• _WHAT YOU WILL DO_: Beneath this line are the data; copy exactly the part of them that opens with the line containing "课程涵盖了从基础到进阶的多种" and closes with the line containing "Inel dreptunghiular ciocănit.", and only that part.
--- INFORMATION SUPPLIED Enclosed Below ---
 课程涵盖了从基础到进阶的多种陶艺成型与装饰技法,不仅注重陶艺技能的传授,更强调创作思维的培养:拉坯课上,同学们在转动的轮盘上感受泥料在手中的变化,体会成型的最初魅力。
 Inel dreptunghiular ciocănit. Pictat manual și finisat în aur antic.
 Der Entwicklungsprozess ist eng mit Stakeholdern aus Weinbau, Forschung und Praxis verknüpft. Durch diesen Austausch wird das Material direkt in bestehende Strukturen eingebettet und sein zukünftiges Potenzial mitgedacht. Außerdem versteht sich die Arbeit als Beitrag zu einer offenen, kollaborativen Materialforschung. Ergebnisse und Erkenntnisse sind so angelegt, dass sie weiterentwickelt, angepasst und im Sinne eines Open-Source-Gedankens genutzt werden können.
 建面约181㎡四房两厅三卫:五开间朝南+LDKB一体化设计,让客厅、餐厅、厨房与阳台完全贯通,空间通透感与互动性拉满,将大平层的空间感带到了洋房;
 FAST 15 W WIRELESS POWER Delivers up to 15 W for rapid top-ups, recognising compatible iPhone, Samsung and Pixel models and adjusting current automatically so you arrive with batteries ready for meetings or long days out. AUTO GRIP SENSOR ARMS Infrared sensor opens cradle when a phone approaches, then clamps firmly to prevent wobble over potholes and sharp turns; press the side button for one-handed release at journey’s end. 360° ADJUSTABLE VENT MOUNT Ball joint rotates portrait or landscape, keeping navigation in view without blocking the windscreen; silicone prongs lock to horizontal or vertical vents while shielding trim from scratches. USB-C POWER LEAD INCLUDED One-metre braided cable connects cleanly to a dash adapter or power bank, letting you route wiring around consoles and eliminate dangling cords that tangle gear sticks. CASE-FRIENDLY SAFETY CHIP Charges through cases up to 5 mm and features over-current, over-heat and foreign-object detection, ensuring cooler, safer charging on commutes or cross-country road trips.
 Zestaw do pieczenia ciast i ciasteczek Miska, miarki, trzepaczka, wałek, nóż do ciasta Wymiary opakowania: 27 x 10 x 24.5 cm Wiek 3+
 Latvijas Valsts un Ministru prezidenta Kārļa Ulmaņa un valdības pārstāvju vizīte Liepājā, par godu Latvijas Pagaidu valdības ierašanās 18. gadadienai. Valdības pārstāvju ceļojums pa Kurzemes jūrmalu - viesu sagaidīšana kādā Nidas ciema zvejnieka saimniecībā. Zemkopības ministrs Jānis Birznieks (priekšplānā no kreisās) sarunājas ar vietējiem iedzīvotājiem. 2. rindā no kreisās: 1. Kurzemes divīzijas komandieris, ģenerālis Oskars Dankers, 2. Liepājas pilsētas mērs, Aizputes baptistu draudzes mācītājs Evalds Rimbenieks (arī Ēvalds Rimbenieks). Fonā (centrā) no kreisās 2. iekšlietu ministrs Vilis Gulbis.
--- End of Enclosed INFORMATION SUPPLIED ---
--- INFORMATION SUPPLIED Enclosed Below ---
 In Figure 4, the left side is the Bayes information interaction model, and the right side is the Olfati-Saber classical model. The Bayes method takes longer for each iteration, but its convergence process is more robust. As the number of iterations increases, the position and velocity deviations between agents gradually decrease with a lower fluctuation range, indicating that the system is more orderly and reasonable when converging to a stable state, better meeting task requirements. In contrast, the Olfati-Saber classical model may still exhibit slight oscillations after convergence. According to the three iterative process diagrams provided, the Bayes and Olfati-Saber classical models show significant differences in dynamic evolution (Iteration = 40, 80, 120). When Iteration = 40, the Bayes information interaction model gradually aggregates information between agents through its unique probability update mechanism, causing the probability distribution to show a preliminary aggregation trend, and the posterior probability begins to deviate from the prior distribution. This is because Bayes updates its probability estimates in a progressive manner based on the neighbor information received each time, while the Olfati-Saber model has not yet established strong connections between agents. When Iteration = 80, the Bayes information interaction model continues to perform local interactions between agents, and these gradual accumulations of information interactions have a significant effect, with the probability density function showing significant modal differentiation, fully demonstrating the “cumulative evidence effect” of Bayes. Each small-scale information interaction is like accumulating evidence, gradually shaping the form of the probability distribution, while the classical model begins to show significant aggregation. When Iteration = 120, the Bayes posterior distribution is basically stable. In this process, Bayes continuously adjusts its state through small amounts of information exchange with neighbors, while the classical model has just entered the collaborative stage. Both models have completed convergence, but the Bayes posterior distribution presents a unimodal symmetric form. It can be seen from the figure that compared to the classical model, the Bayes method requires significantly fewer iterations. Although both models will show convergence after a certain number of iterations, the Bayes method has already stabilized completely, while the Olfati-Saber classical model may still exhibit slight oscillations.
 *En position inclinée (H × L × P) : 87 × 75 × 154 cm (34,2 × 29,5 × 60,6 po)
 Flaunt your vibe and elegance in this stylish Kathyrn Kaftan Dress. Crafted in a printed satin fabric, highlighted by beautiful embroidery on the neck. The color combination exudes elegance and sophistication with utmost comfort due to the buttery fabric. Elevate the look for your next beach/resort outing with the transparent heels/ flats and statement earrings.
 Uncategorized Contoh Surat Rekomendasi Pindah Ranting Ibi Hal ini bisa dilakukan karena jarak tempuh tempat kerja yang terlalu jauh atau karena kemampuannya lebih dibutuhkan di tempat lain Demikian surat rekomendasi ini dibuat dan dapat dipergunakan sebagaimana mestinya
--- End of Enclosed INFORMATION SUPPLIED ---
--- INFORMATION SUPPLIED Enclosed Below ---
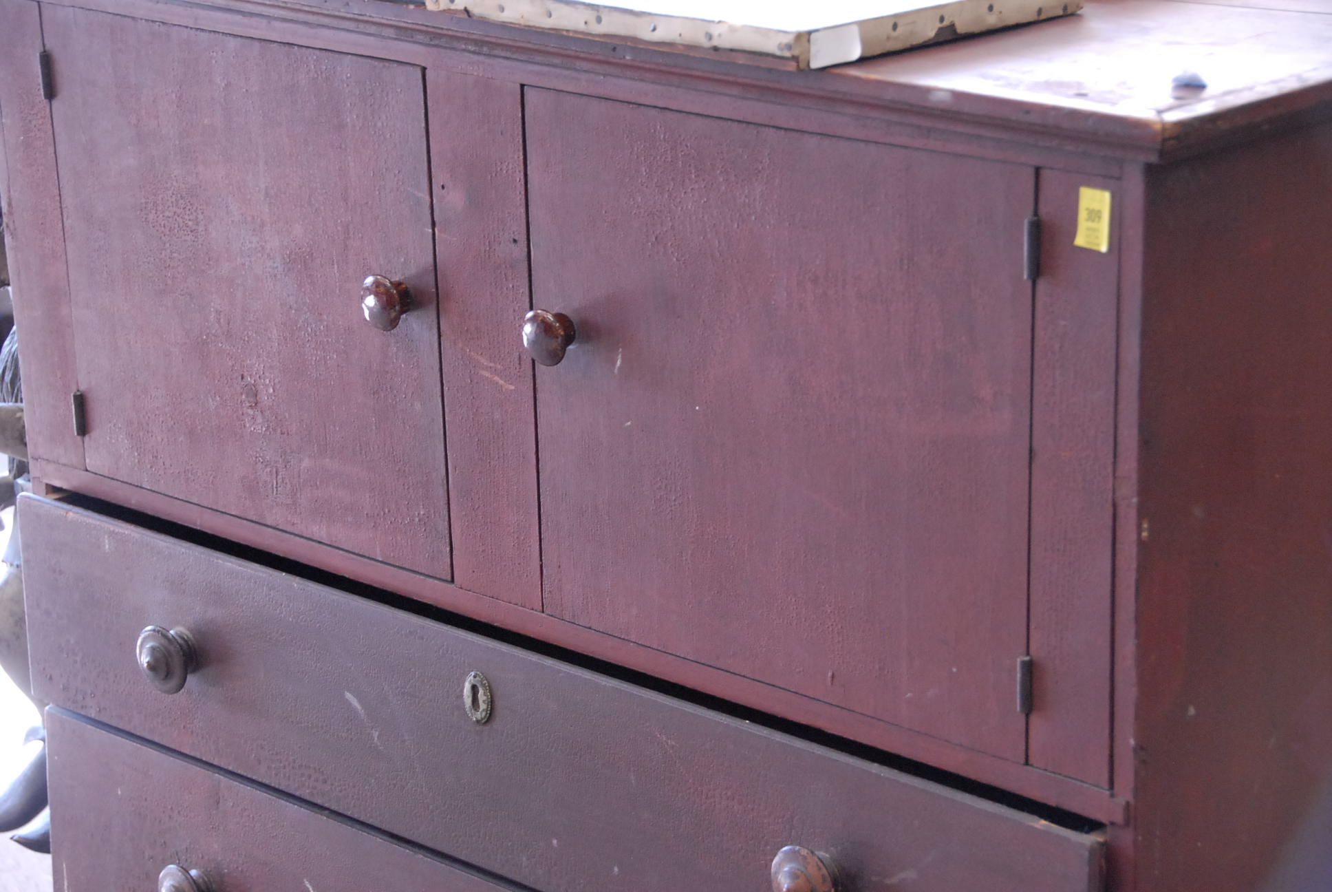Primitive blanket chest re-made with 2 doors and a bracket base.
--- End of Enclosed INFORMATION SUPPLIED ---
• _EXERCISE SOLUTION_:
 课程涵盖了从基础到进阶的多种陶艺成型与装饰技法,不仅注重陶艺技能的传授,更强调创作思维的培养:拉坯课上,同学们在转动的轮盘上感受泥料在手中的变化,体会成型的最初魅力。
 Inel dreptunghiular ciocănit. Pictat manual și finisat în aur antic.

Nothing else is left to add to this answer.